DATA:
§

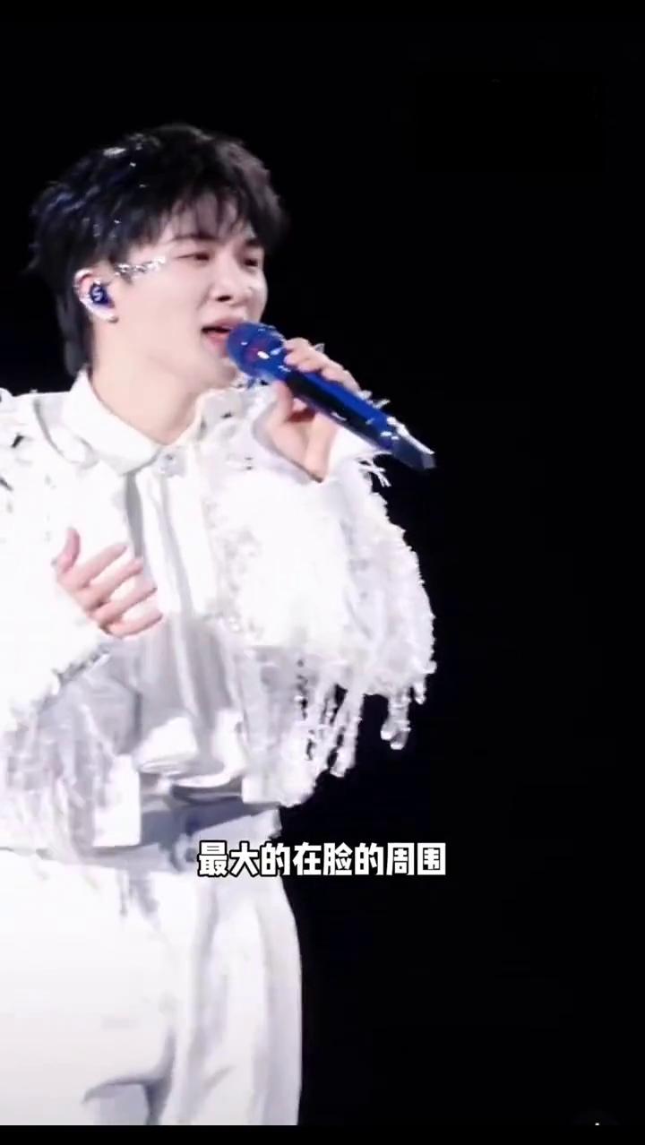 这件衣服的装饰主要集中在肩膀位置是最大的,而且和衣服整体的颜色是类似的,透明的,没有那么沉重,是很适合周深的量感。衣服设计的足够隆重,而且集中在腰部以上,最大的在脸的周围,是很成功的想法。
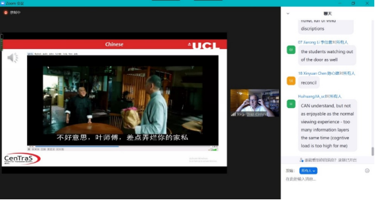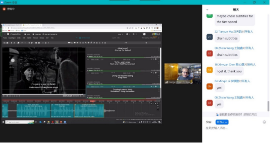 本课程课堂气氛活跃,师生互动频繁,学生参与度高。每天3个多小时的课时虽长,但过程并不显得枯燥乏味,反而充实有趣。云端授课也并未拉大师生间的距离感,时间往往就在教授耐心阐释、演示,以及同学们积极思考、实时反馈中倏然而过。借助Ooona平台,同学们得以进行字幕翻译制作实践,Díaz-Cintas教授和贾辉煌助教耐心地讲解同学们的字幕翻译练习,对同学们的优点予以肯定与表扬,并指正同学们在字幕制作过程中出现的技术及语言问题,更是有问必答,师生沟通较为高效,课程进展顺利。
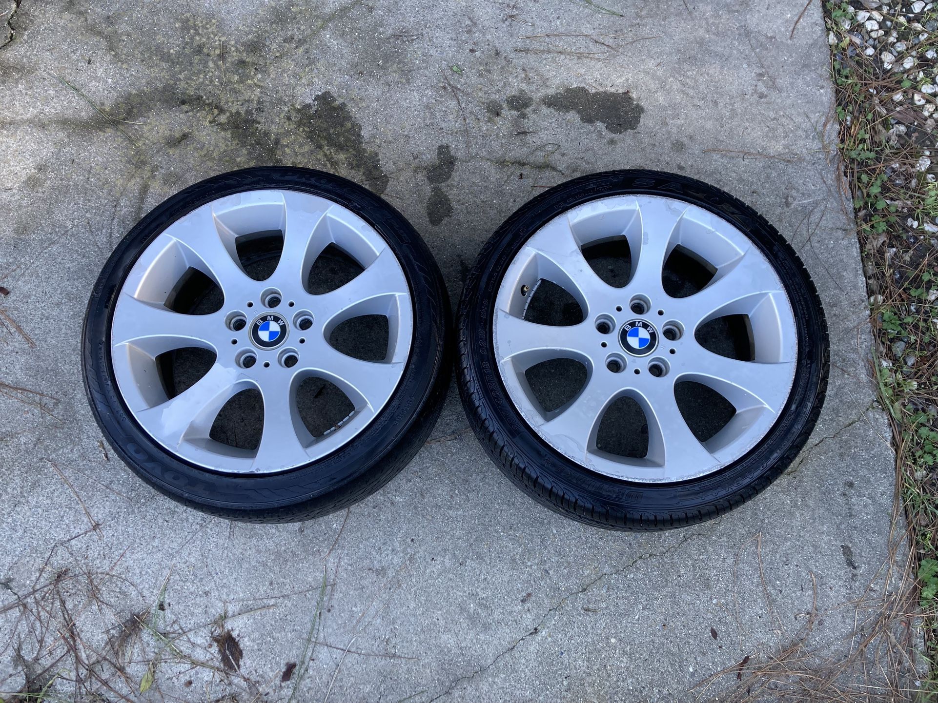 Selling 2 wheels from a 2006 BMW 330i E90 also fits other bmws (2) 18x8 et34 5x120 lug pattern No cracks or bends there is some curb rash/paint chips 1 has a little white paint idk why 1 tire is useable, the other one is almost bald both hold air just fine $150 or best offer for the pair or i can sell seperate Cash only Located in Pleasanton, CA e36 e46 e34 e38 e39 f30
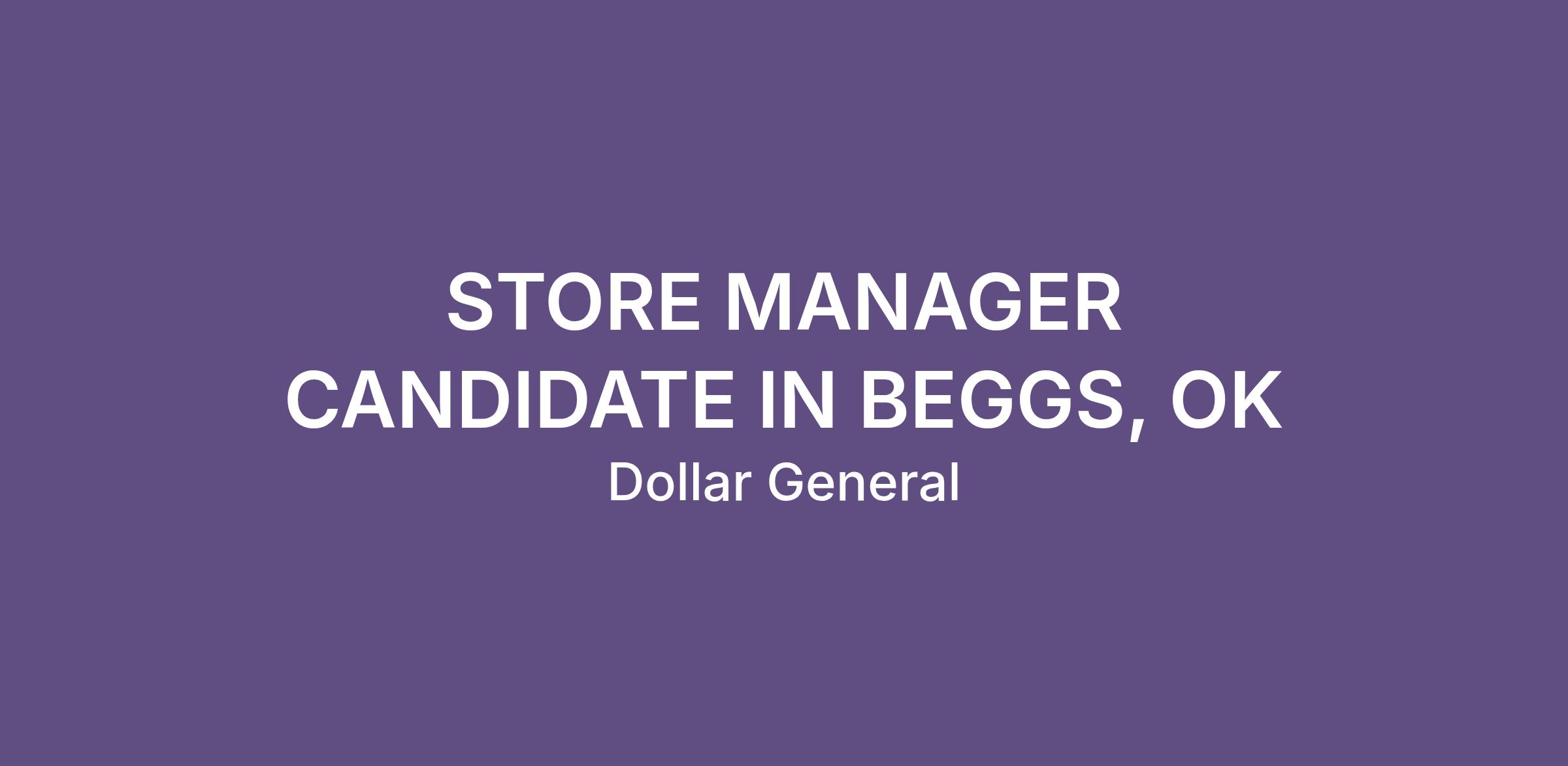 STORE MANAGER CANDIDATE IN BEGGS, OK

§

If pictures appear in the data, do not print them; repeat the rest exactly.

 这件衣服的装饰主要集中在肩膀位置是最大的,而且和衣服整体的颜色是类似的,透明的,没有那么沉重,是很适合周深的量感。衣服设计的足够隆重,而且集中在腰部以上,最大的在脸的周围,是很成功的想法。
 本课程课堂气氛活跃,师生互动频繁,学生参与度高。每天3个多小时的课时虽长,但过程并不显得枯燥乏味,反而充实有趣。云端授课也并未拉大师生间的距离感,时间往往就在教授耐心阐释、演示,以及同学们积极思考、实时反馈中倏然而过。借助Ooona平台,同学们得以进行字幕翻译制作实践,Díaz-Cintas教授和贾辉煌助教耐心地讲解同学们的字幕翻译练习,对同学们的优点予以肯定与表扬,并指正同学们在字幕制作过程中出现的技术及语言问题,更是有问必答,师生沟通较为高效,课程进展顺利。
 Selling 2 wheels from a 2006 BMW 330i E90 also fits other bmws (2) 18x8 et34 5x120 lug pattern No cracks or bends there is some curb rash/paint chips 1 has a little white paint idk why 1 tire is useable, the other one is almost bald both hold air just fine $150 or best offer for the pair or i can sell seperate Cash only Located in Pleasanton, CA e36 e46 e34 e38 e39 f30
 STORE MANAGER CANDIDATE IN BEGGS, OK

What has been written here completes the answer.